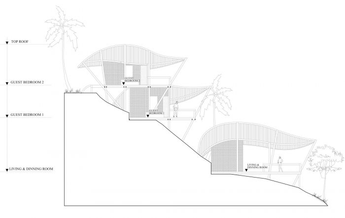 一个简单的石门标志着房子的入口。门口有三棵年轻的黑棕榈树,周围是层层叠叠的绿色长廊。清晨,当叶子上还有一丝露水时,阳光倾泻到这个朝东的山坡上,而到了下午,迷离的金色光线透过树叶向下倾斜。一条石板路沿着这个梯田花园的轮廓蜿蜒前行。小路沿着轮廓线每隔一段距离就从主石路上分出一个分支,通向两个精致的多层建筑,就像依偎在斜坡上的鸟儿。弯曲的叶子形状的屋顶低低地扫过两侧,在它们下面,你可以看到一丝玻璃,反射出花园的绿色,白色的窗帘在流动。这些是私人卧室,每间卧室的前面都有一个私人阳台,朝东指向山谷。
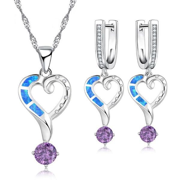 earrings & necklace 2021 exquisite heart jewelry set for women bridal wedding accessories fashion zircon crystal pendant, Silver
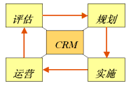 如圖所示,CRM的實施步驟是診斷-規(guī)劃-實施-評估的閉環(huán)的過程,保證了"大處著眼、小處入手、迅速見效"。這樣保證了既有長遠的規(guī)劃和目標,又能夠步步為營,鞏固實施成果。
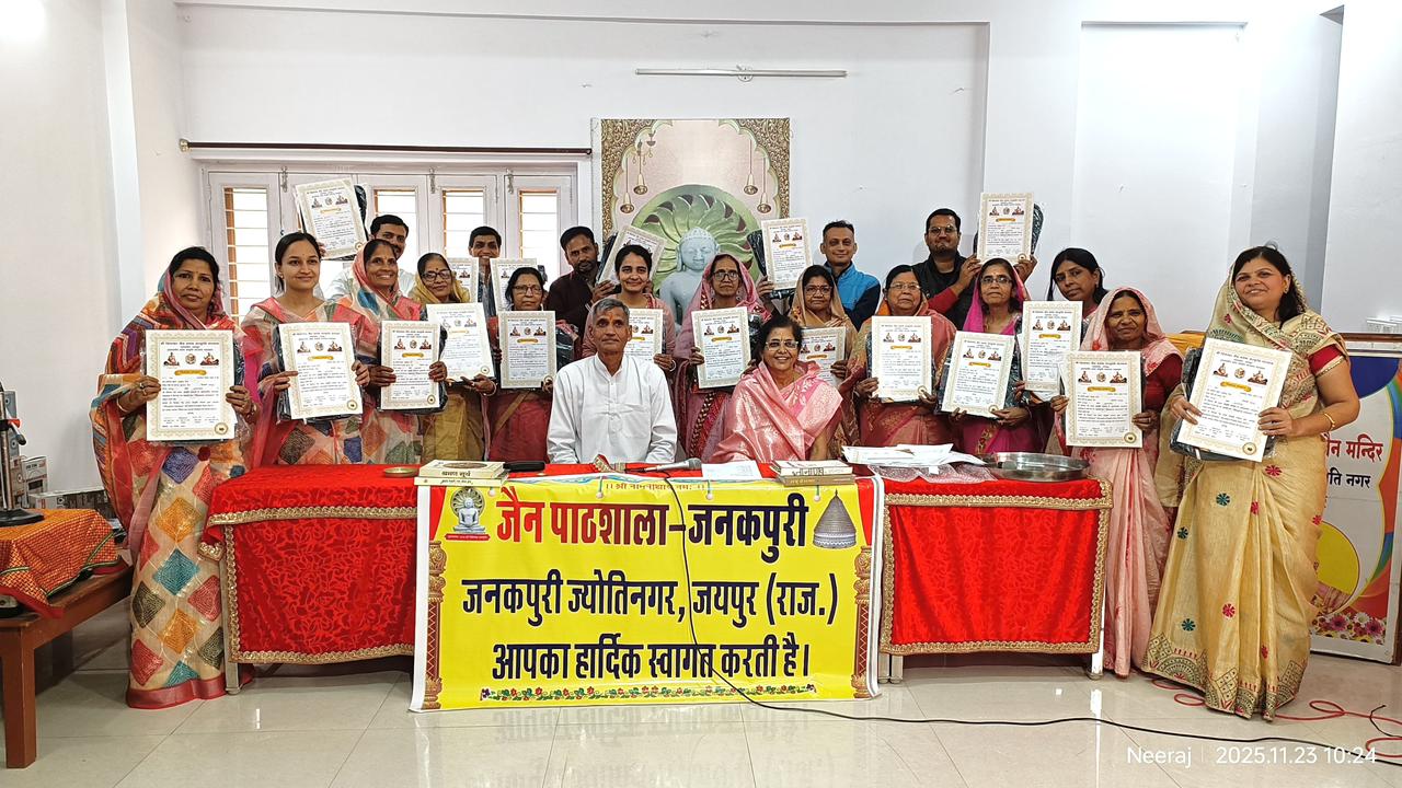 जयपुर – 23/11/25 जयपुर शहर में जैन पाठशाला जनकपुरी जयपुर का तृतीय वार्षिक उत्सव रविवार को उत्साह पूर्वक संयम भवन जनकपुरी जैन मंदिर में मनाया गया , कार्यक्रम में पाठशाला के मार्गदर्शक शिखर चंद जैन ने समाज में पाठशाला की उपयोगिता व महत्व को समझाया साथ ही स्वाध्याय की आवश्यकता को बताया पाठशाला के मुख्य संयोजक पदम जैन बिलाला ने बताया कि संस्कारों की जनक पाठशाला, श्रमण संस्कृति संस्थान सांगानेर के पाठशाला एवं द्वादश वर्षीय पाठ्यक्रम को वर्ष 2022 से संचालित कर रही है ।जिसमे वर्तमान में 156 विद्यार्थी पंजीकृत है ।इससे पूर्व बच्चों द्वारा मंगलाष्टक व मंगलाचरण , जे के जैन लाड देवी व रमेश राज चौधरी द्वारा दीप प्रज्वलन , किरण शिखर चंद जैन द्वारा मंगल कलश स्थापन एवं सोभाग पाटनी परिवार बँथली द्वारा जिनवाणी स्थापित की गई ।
-*-*-
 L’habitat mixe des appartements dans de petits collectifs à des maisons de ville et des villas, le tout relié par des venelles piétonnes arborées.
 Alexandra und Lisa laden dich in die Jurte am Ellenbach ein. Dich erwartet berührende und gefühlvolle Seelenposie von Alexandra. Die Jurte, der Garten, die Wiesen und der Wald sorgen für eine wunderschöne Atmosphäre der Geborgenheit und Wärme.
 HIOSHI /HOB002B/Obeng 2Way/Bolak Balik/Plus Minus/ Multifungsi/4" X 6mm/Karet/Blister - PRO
-*-*-
REQUIRED WORK: Leaving every picture aside, reproduce exactly the lines above from the one with "如圖所示,CRM的實施步驟是" up to and including the one with "जयपुर – 23/11/25", and no others.

EXERCISE RESULT:
 如圖所示,CRM的實施步驟是診斷-規(guī)劃-實施-評估的閉環(huán)的過程,保證了"大處著眼、小處入手、迅速見效"。這樣保證了既有長遠的規(guī)劃和目標,又能夠步步為營,鞏固實施成果。
 जयपुर – 23/11/25 जयपुर शहर में जैन पाठशाला जनकपुरी जयपुर का तृतीय वार्षिक उत्सव रविवार को उत्साह पूर्वक संयम भवन जनकपुरी जैन मंदिर में मनाया गया , कार्यक्रम में पाठशाला के मार्गदर्शक शिखर चंद जैन ने समाज में पाठशाला की उपयोगिता व महत्व को समझाया साथ ही स्वाध्याय की आवश्यकता को बताया पाठशाला के मुख्य संयोजक पदम जैन बिलाला ने बताया कि संस्कारों की जनक पाठशाला, श्रमण संस्कृति संस्थान सांगानेर के पाठशाला एवं द्वादश वर्षीय पाठ्यक्रम को वर्ष 2022 से संचालित कर रही है ।जिसमे वर्तमान में 156 विद्यार्थी पंजीकृत है ।इससे पूर्व बच्चों द्वारा मंगलाष्टक व मंगलाचरण , जे के जैन लाड देवी व रमेश राज चौधरी द्वारा दीप प्रज्वलन , किरण शिखर चंद जैन द्वारा मंगल कलश स्थापन एवं सोभाग पाटनी परिवार बँथली द्वारा जिनवाणी स्थापित की गई ।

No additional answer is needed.